Sean McNally first came to BIOS in 2011 as a student in the University of Rhode Island fall semester program. He returned to BIOS as a summer intern in 2012 and again in 2013, to continue his studies of the Sargasso Sea microbial community.
BIOS researchers and their colleagues from Woods Hole Oceanographic Institution have refined a common survey method to better account for a marine bacterium known as SAR11. Since BIOS adjunct scientist Steven Giovannoni discovered SAR11 in 1990, scientists have found the Sargasso Sea bacterium is ubiquitous in the world’s oceans and accounts for roughly one in every three cells at the ocean’s surface. These bacteria have power in numbers: each cell contributes to the marine carbon cycle, and with approximately five million bacterial cells inhabiting every tablespoon of seawater, SAR11 is so abundant that its combined weight would outweigh all the fish in the ocean.

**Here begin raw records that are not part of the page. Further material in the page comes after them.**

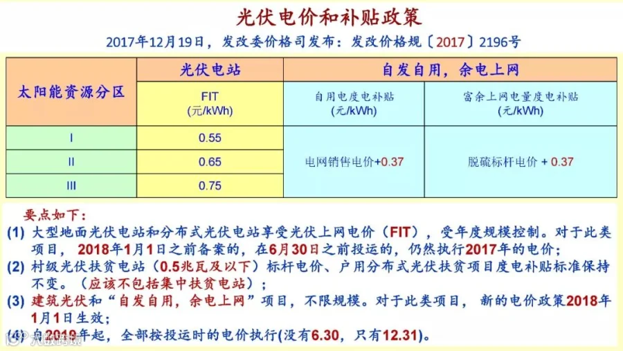 分布式的最新政策,今年是新能源电价,一个是电站降下来了,第二个扶贫和村级电站,村级扶贫的户用光伏,他的补贴标准是不变的。建筑光伏和自发自用的项目,2018年1月1号起这个新的电站政策就生效了。那么2017年起,全部就没有6.30了,只有12.31了,这是几个新的电价的特点。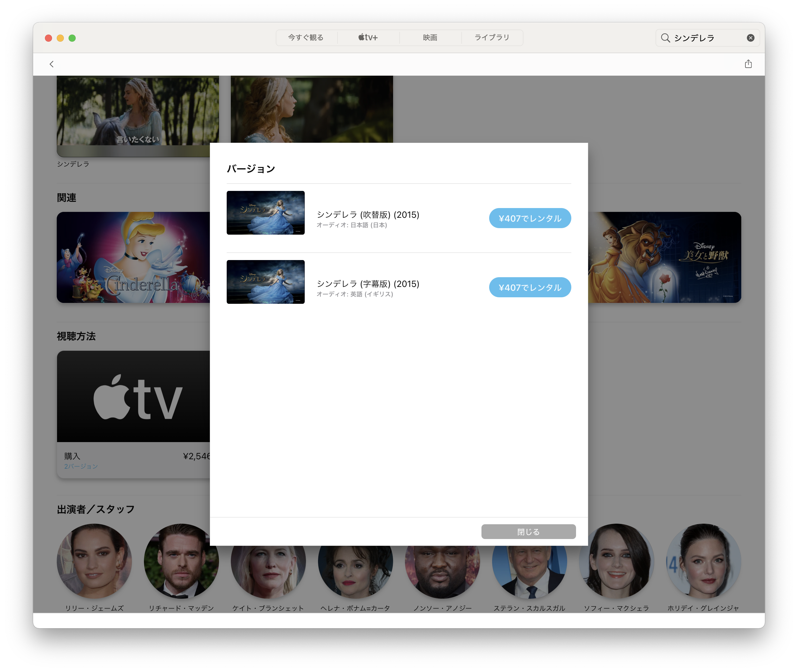 ディズニー実写版「シンデレラ」:吹替版を選択再生。
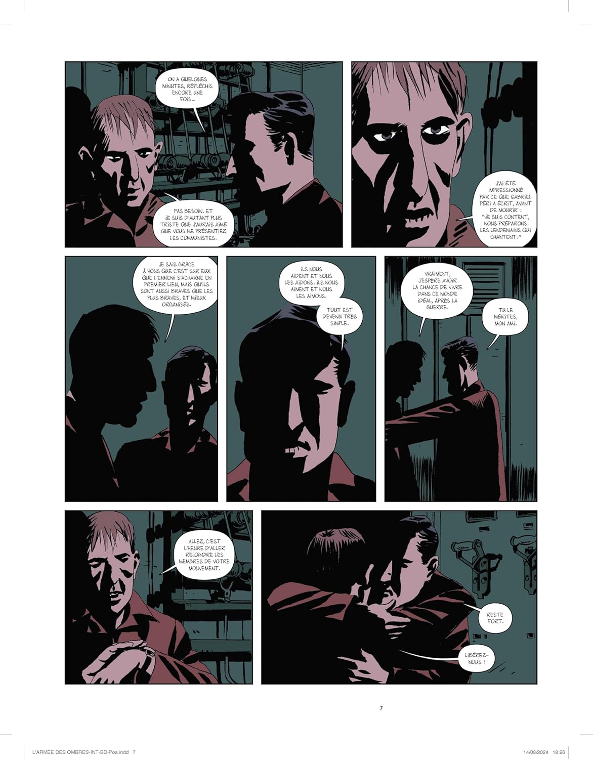 Je n'ai jamais lu le roman original, pot-pourri de témoignages de résistants recueilli par Joseph Kessel, mais j'ai vu l'excellent film de Jean-Pierre Melville qui est mille fois mieux que son adaptation en BD. Je sais que c'est injuste de faire une comparaison entre la BD et le film vu que le film est un chef d'œuvre, mais même si je prends la BD comme une œuvre originale, cela reste pas terrible. Je n'ai jamais aimé le dessin de Moynot que je trouve sans âme et c'est encore le cas ici. Les décors sont bien, mais je n'aime pas trop les personnages et les couleurs. La mise en scène n’est pas terrible. Je n'ai ressenti aucune tension lors de moments dramatiques et en fait je n'ai rien ressenti du tout durant ma lecture en dehors de l'ennuie. Mention spécial pour la dernière scène. Dans le film, c'est une des scènes qui m'a le plus marqué dans ma vie de cinéphile et je ressens toujours de la triste rien qu'en pensant à la scène. La même scène dans la BD donne un truc bâclé et limite les deux dernières cases m'ont presque donné envie de rigoler. Une adaptation franchement dispensable.

However, BIOS microbial oceanographer Rachel Parsons and intern Sean McNally discovered that SAR11 was surprisingly rare when they used a popular method of assessing total bacterial diversity that analyzes hypervariable regions of DNA. Short, hypervariable regions of DNA are rapidly evolving sequences within bacterial genomes that provide a unique molecular “fingerprint” for each bacterial species. SAR11 was abundant in samples analyzed by microscopy, but the “fingerprint” was conspicuously less abundant when the same samples were analyzed in a hypervariable DNA sequencing project.
Using tanks set up in the lab, BIOS scientist Rachel Parsons and intern Sean McNally study how corals influence microbial communities. McNally’s microscopy documented abundant SAR11 cells in tank seawater, but SAR11 DNA was less frequently detected in DNA analyses of the same water. This led Woods Hole Oceanographic Institution scientist (and former BIOS intern) Amy Apprill to question the efficacy of the method, and tweak it to improve SAR11 detection.
Hypervariable region “fingerprints” are pulled from all bacteria in a sample by extracting the genomic DNA from every cell, heating the DNA so that the double-helix unwinds into two strands, and mixing in short sequences of DNA known as “primers.” These primers are designed to match and attach to a section just upstream of the hypervariable region on a single strand of DNA. Once attached, primers initiate the recruitment of chemical compounds to create a new, short strand of DNA that matches the hypervariable region. At the end of the process, the short hypervariable region copies are sequenced and compared to a reference database to identify which bacteria were initially present in the sample. The relative abundance of each hypervariable region copy should reflect the number of organisms initially present in the sample.
Parsons and her colleagues suspected the underestimation of SAR11 with this method was related to the primers being used. The primers are designed to match a sequence shared by all bacteria preceding the hypervariable region, but if the primers don't match all bacterium sequences, some bacterium will be poorly represented in the final dataset. For example, if SAR11 was ten times more abundant than another species of bacteria in the sample, roughly ten times as many copies of the SAR11 hypervariable DNA should show up in the sequencing dataset. In their dataset, fewer SAR11 copies were showing up compared to known cell counts. Further analysis proved that the established primers, which worked well with other bacteria, had a small mismatch with SAR11.
Their colleagues Amy Apprill and Laura Weber from Woods Hole Oceanographic Institution, redesigned and tested the primers to ensure a better SAR11 match and subsequently generate representative data from environmental samples. While no primer set is perfect, the new set provides a clearer view of bacteria that dominate aquatic environments. Their results were published in the June issue of the scientific journal Aquatic Microbial Ecology, and the new primers are already being incorporated into global studies of bacterial diversity.